ACTIVITY:
For this exercise, return exactly the lines of the material below that begin at the one with "The Ursa watch" and stop after the one with "グレイスエンジニアーズ ボーダーレスデッキパンツ GE-660".

Segment Start: MATERIAL SUPPLIED

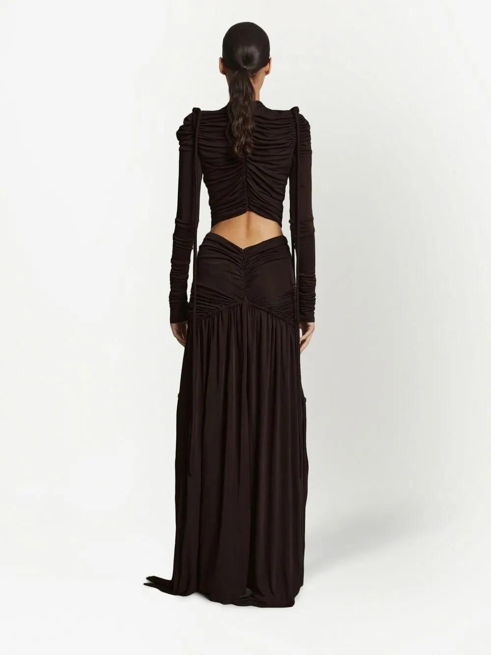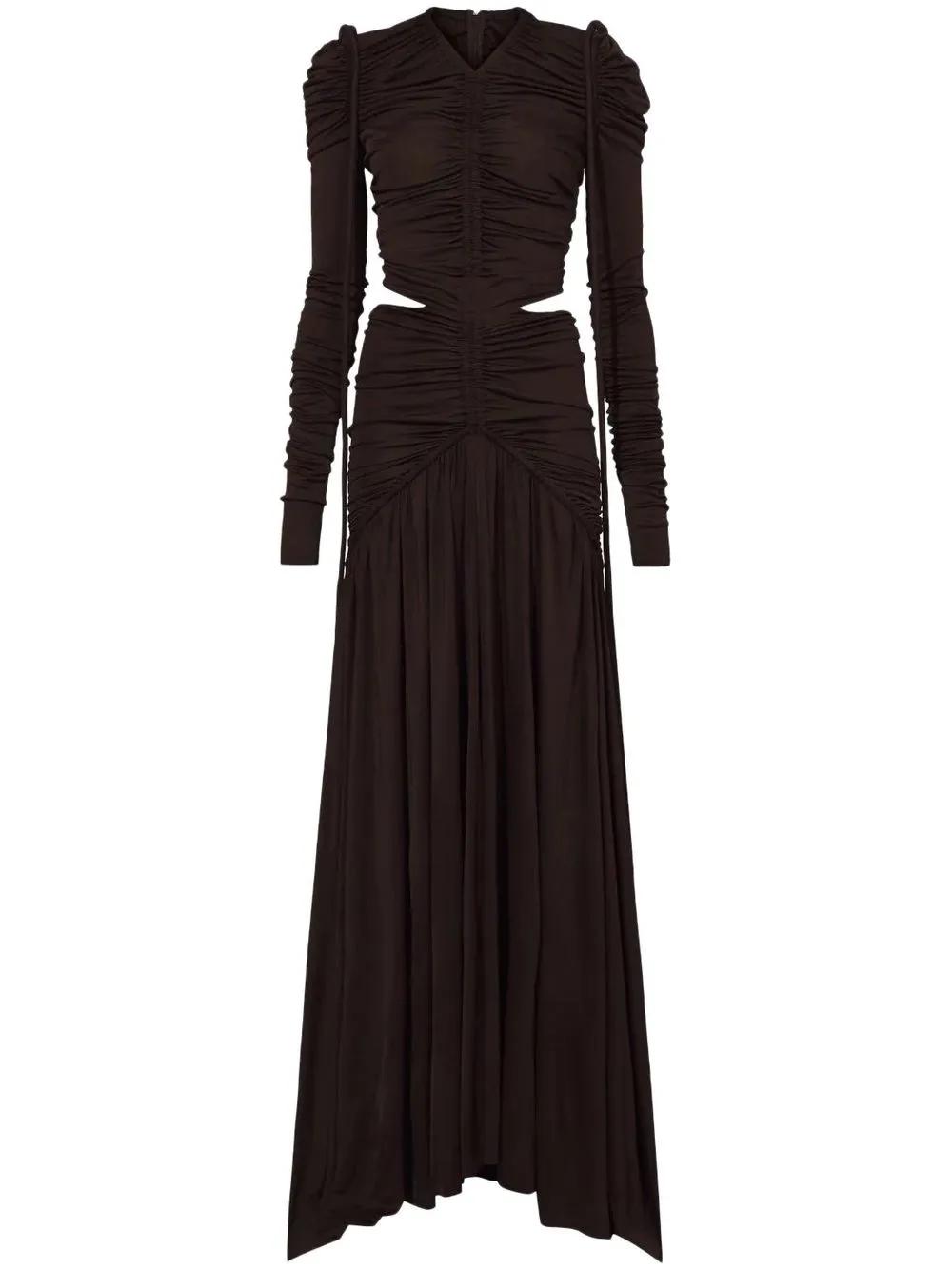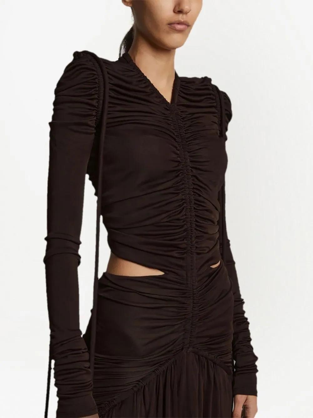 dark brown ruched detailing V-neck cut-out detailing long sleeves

Segment End: MATERIAL SUPPLIED
Segment Start: MATERIAL SUPPLIED

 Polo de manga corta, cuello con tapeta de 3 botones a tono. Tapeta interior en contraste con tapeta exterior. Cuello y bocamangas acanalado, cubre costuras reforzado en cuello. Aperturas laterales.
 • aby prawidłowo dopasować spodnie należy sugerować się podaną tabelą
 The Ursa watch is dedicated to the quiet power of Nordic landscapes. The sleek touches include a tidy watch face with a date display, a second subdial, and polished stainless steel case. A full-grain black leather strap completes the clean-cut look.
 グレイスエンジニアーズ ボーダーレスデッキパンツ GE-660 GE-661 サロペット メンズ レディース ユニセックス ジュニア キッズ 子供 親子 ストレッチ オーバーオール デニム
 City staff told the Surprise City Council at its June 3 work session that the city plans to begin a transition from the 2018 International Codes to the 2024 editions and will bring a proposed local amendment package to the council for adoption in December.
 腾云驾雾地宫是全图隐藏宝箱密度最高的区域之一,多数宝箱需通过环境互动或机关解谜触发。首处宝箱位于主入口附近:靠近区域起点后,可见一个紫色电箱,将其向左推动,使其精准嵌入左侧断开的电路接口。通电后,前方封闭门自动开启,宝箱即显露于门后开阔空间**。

Segment End: MATERIAL SUPPLIED

ANSWER TO THE PROBLEM:
 The Ursa watch is dedicated to the quiet power of Nordic landscapes. The sleek touches include a tidy watch face with a date display, a second subdial, and polished stainless steel case. A full-grain black leather strap completes the clean-cut look.
 グレイスエンジニアーズ ボーダーレスデッキパンツ GE-660 GE-661 サロペット メンズ レディース ユニセックス ジュニア キッズ 子供 親子 ストレッチ オーバーオール デニム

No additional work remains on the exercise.